A: The managed version uses mem0's cloud service with a simple API key, while the self-hosted version gives you complete control over the vector database, embedding model, and LLM configuration.
Q: How do I reset my API key?
A: Generate a new key in your mem0 dashboard and update the configuration.
Q: Can I use this with multiple OpenWebUI instances?
A: Yes, use unique user IDs for each instance to maintain separate memory contexts.
Q: What happens if the mem0 service is unavailable?
A: The filter will fail gracefully, allowing normal OpenWebUI operation without memory context.

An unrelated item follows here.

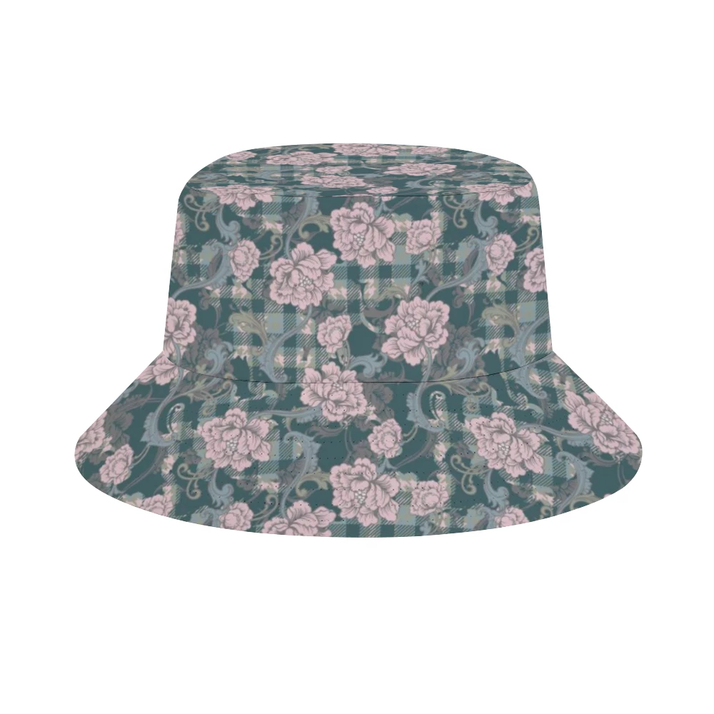 Add some style to your summer outfit with our Baroque Floral Plaid Bucket Hat.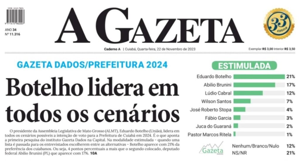 O deputado estadual Eduardo Botelho aparece em 1º lugar como o preferido da população, entre os postulantes à Prefeitura de Cuiabá em 2024. Com a manchete: Botelho lidera em todos os cenários, o Jornal A Gazeta publicou, nesta quarta-feira (22), matéria assinada pelo jornalista Pablo Rodrigo, sobre o resultado da primeira pesquisa feita pelo instituto Gazeta Dados na Capital.

Q: Which version should I choose?
A: The managed version is simpler to set up and maintain, while the self-hosted version offers more control and customization options. Choose based on your needs for privacy, control, and ease of maintenance.
Q: How can I customize the memory retrieval process?
A: The self-hosted version allows you to configure the vector database, embedding model, and LLM settings to fine-tune the memory retrieval process.